BEGIN
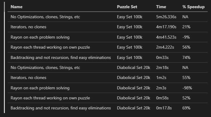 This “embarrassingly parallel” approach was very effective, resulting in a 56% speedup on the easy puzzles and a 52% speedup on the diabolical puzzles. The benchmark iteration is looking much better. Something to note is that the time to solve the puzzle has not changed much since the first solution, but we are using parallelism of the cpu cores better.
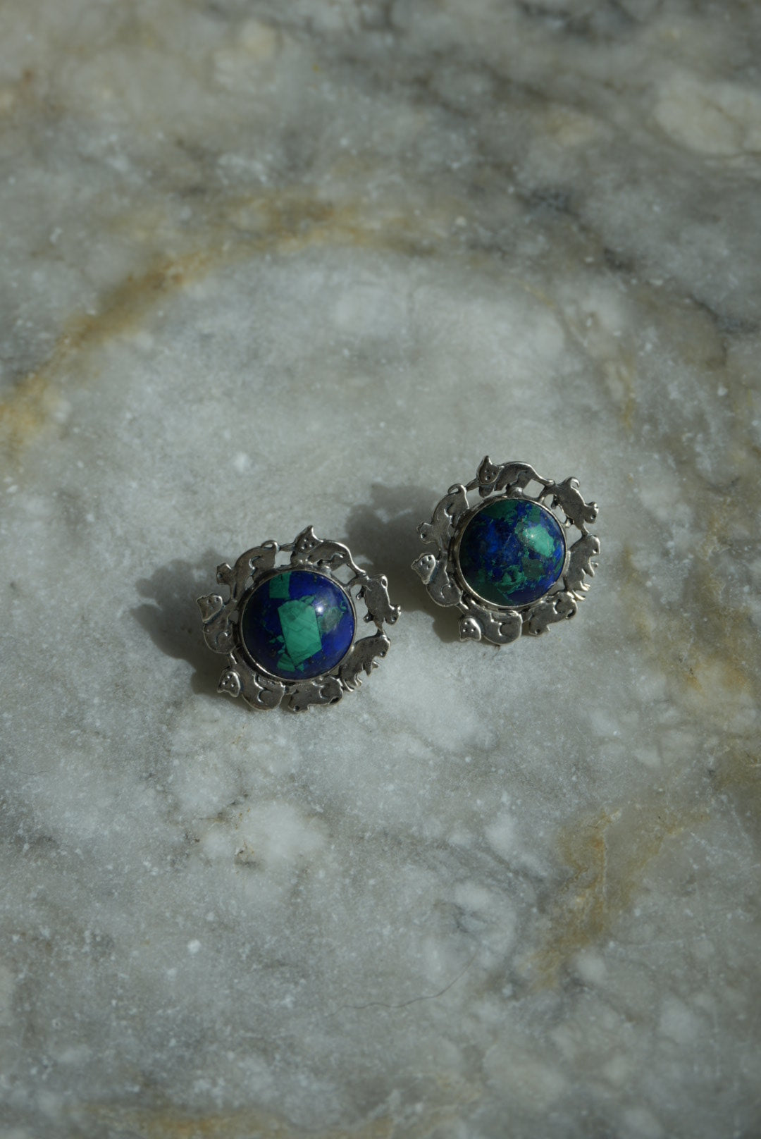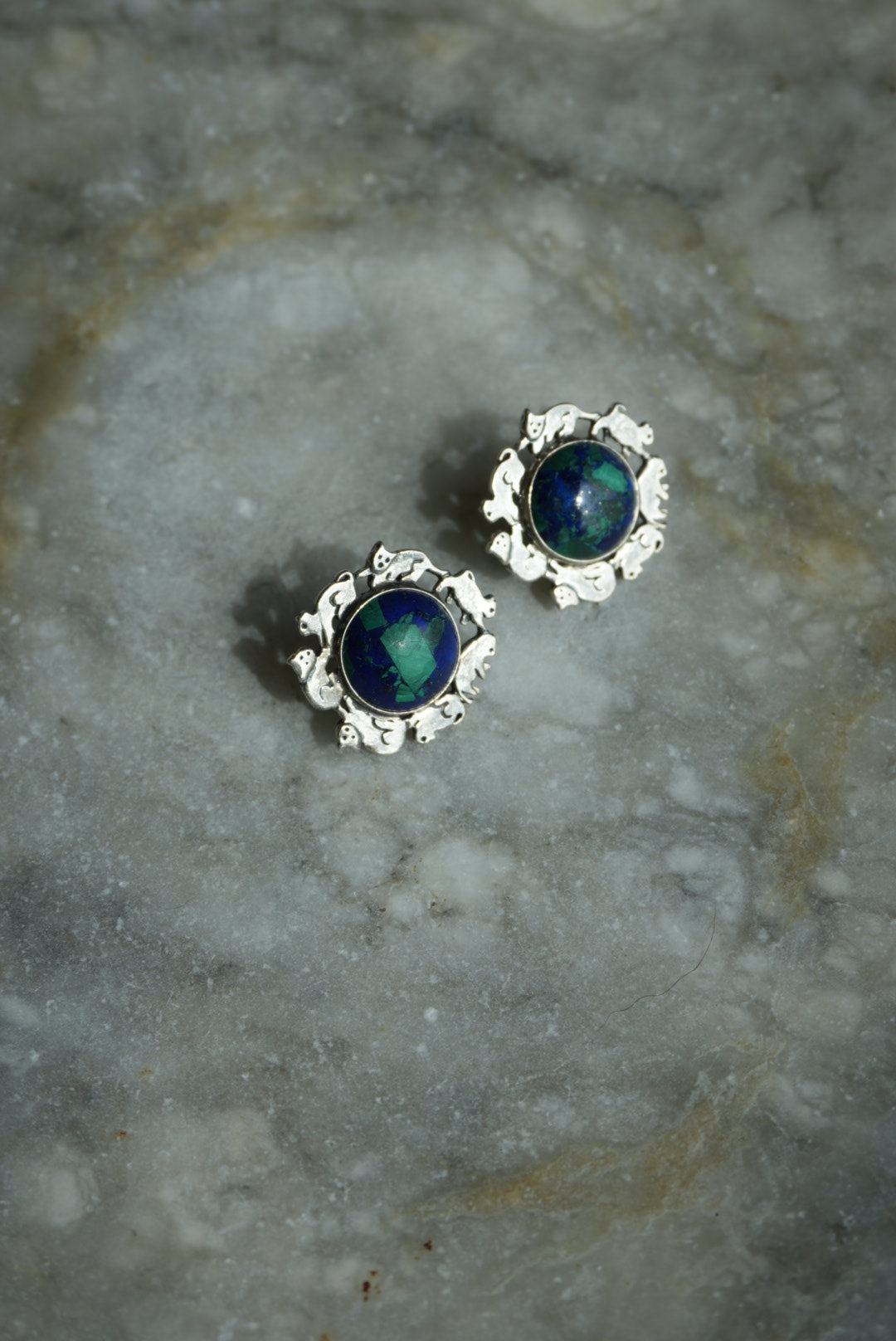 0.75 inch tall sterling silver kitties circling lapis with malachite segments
END
BEGIN
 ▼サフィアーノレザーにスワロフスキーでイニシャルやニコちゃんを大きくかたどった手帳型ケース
END
BEGIN
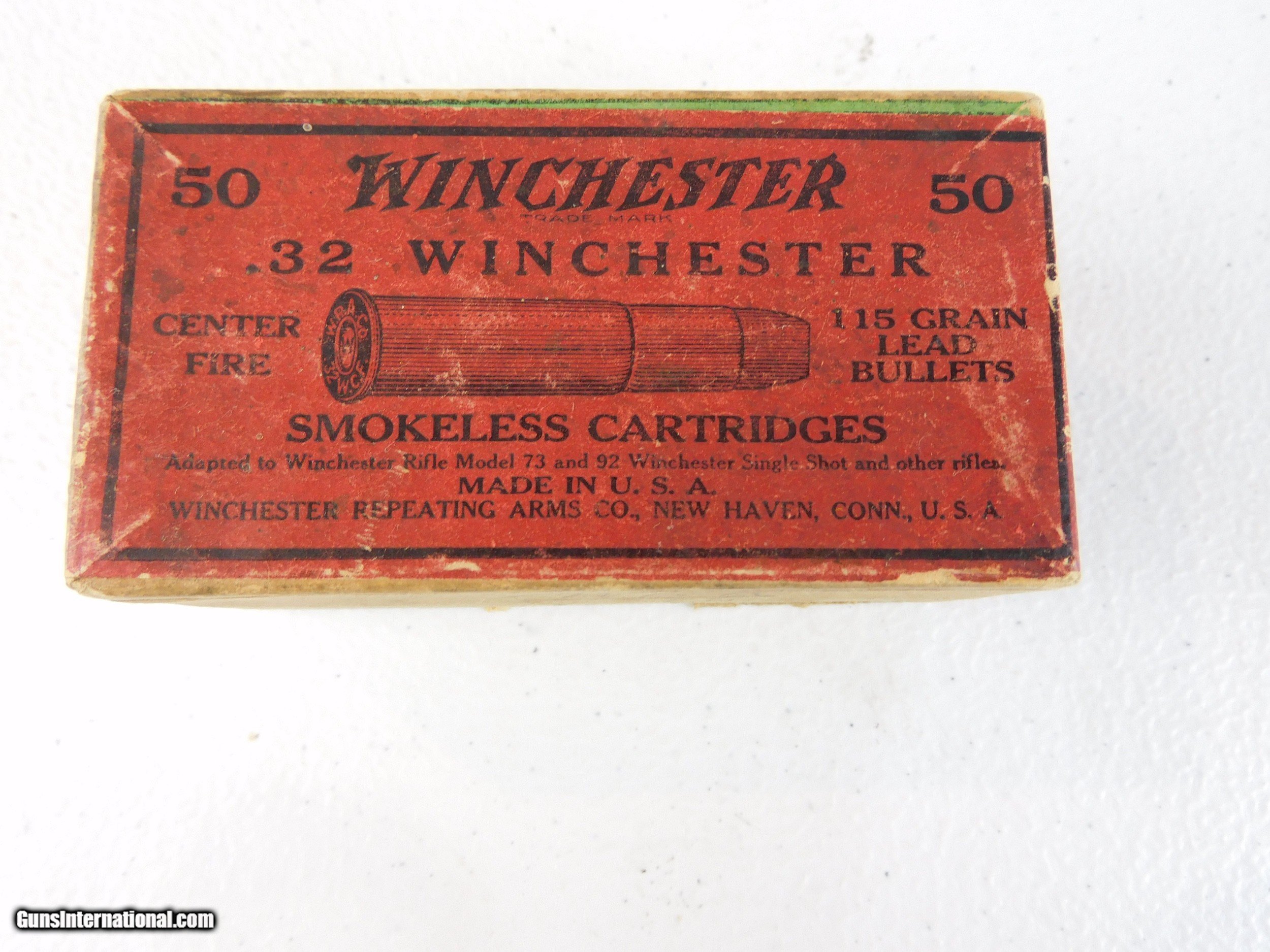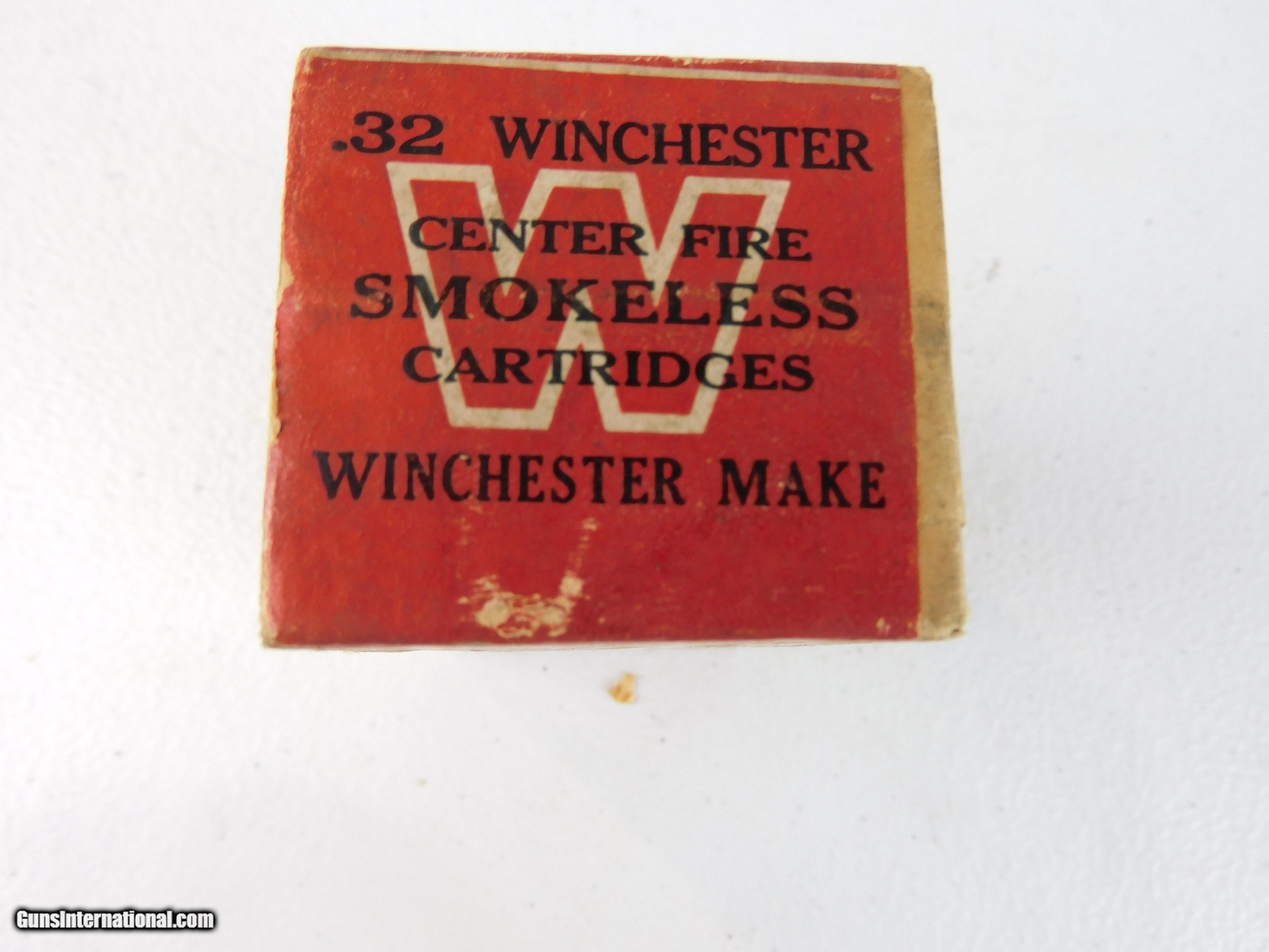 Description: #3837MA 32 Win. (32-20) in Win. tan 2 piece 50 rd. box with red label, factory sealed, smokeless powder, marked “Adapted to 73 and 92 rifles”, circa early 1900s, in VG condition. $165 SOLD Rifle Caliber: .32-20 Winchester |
END
* _Exercise aim_: Give again the stretch of the entries above that begins at the line with "cpu cores better." and ends at the line with "0.75 inch tall", word for word, with no pictures.

* _Solution_:
 This “embarrassingly parallel” approach was very effective, resulting in a 56% speedup on the easy puzzles and a 52% speedup on the diabolical puzzles. The benchmark iteration is looking much better. Something to note is that the time to solve the puzzle has not changed much since the first solution, but we are using parallelism of the cpu cores better.
 0.75 inch tall sterling silver kitties circling lapis with malachite segments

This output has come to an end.